The contrast between his 2012 debut mixtape “One Kid, A Thousand Coffins” which he dropped when he was 14 and his current 2020 album “Zulu Man With Some Power”, in just name alone shows that Ivy’s son has grown. That was the name of his tour that he launched in 2017, Ivyson, paying homage to his late mother who he refers to as his Spirit Guide. That growth has been more than just in his age but in his music and his sense of identity too. In a Netflix doccie, he mentions that it took time to fully grasp the cultural gravity of his Zulu birth name, Nsikayesizwe, and to grow into its meaning, pillar of the nation.

He makes a point to say that Nsikayesizwe and Nasty C are two different identities, and he has made a conscious effort to keep them separate. “Learning more about my culture made me more confident as an artist and has made me a little more creative in the sense of incorporating my traditional drum patterns”, he explains. “Other than that, they are two separate (identities) that I like to keep apart because when I tap into my traditional side I’m usually with my family”. The sacredness of his cultural identity is a sentiment he drives home in the “How Many Times” line; “When you hop inside the ride, it’s like ngishis’ impepho…”Such stances resonate strongly with a brand that is a proud of catalyst for change, making it a no-brainer for Johnnie Walker to take interest in one of the boldest trailblazers South Africa has grown to know and love in recent years.  

His ability to keep separate aspects of who he is has been at the core of the peculiar nature of his longevity and why it seems he never changed, never switched up.
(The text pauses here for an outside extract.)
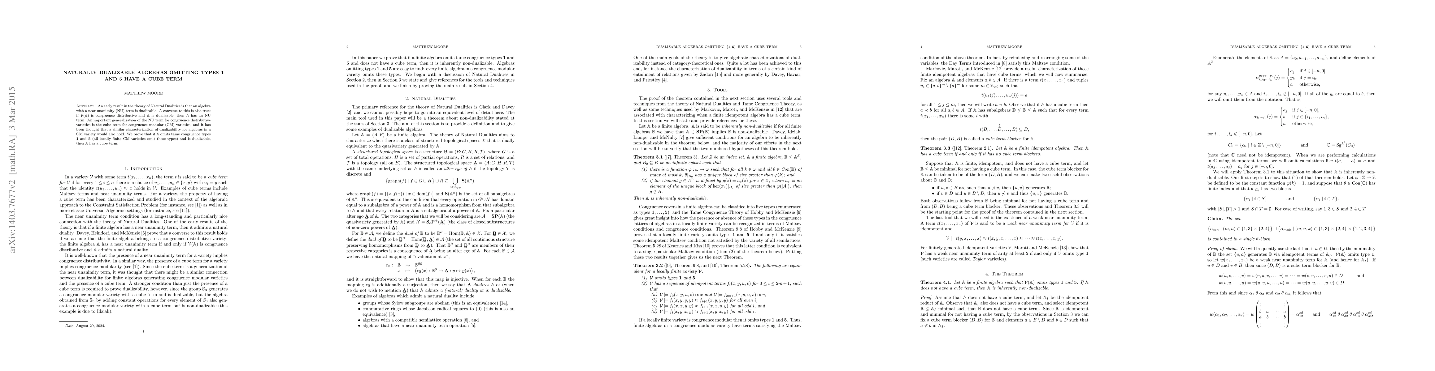 An early result in the theory of Natural Dualities is that an algebra with a near unanimity (NU) term is dualizable. A converse to this is also true: if V(A) is congruence distributive and A is dualizable, then A has an NU term. An important generalization of the NU term for congruence distributive varieties is the cube term for congruence modular (CM) varieties, and it has been thought that a similar characterization of dualizability for algebras in a CM variety would also hold. We prove that if A omits tame congruence types 1 and 5 (all locally finite CM varieties omit these types) and is dualizable, then A has a cube term.
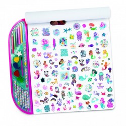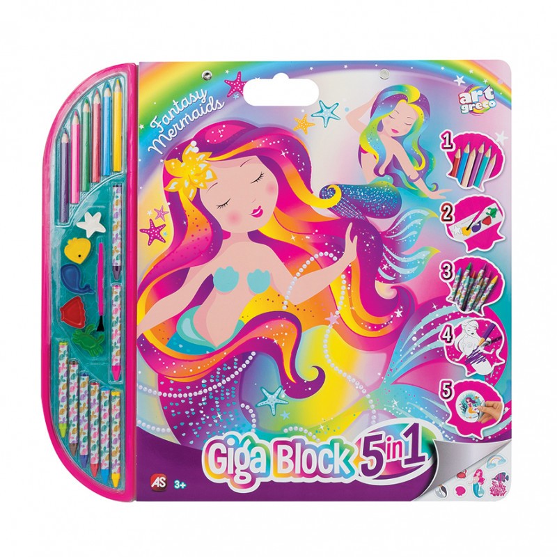 Dużą kolorowanka, która zachwyci każdego miłośnika syrenek i morskich stworzeń. Zawiera, aż 30 obrazków do kolorowania. Są one duże i bardzo przejrzyste. W zestawie znajduje się również 6 kredek ołówkowych, 8 kredek świecowych, 5 farbek akwarelowych z pędzelkiem oraz cały arkusz naklejek. Na końcu znajdują się również czyste strony, aby mały artysta, mógł stworzyć swoje własne dzieło od podstaw.

He understands the allure of mystery especially in the social media era where the perception of access to the private lives of artists breeds a voyeuristic relationship where we care more about the drama than about the art. He has been unapologetic about how he curates his online presence to make sure that the only window into his life is through his music.

The now-iconic hit “SMA” which features Cape Town based singer Rowlene was probably as vulnerable as we have ever encountered Nasty C. It got eyebrows raised with speculation about whether the song was a confession or if he was just gassing the hype machine. In many ways though, he has starved the drama hounds and kept his beef lean even though there have been instances where the Twitter streets have tried to draw him into skirmishes, he handled it with speed. 

The similarities between the Johnnie Walker brand and Nasty C’s peculiar approach to managing his life and online presence constantly overlap, this new Walker’s Programme encourages people to unapologetically and boldly be themselves as a means to contributing to progress and change.   

Another thing that Nasty C has managed to do that the bulk of his peers have been unable to is not just landing collaborations with some of the biggest names in rap music but being able to hold his weight in solid bars. The fact that the remix of Juice Back featured two of the biggest names on the continent, Casper Nyovest and Davido, is a testament to the respect that he has garnered just from the strength of his flows alone. Being able to trade verses with alumni lyricists like Stogie T and young guns like Blxckie and Tshego has also made him a kind of crossover act in the sense that he can move comfortably between the different dialects of local hip hop where he can keep the old heads nodding and still dish out club bangers.

Despite his knack to squad up with different artists, his process of songwriting is ironically solitary. For him, “if you are a creative who wants to explore all depths of creativity, you need to be alone”. While for most artists, especially in hip hop, the idea of being constantly surrounded by an entourage as well as a production crew is ideal, he begs to differ. Using solitude as a tool is an approach that he adopted way back when he was still the kid that rushes home just to go play Mortal Kombat. “There are people like me”, he says, “who started in their bedrooms and have to do everything themselves. It’s way better that way because I can be the perfect producer that I wanna be. Or I can write the lyrics exactly how I feel them inside and not have someone else write them”. He is quick to point out too that, “not even my girlfriend gets to sit with me in the studio”.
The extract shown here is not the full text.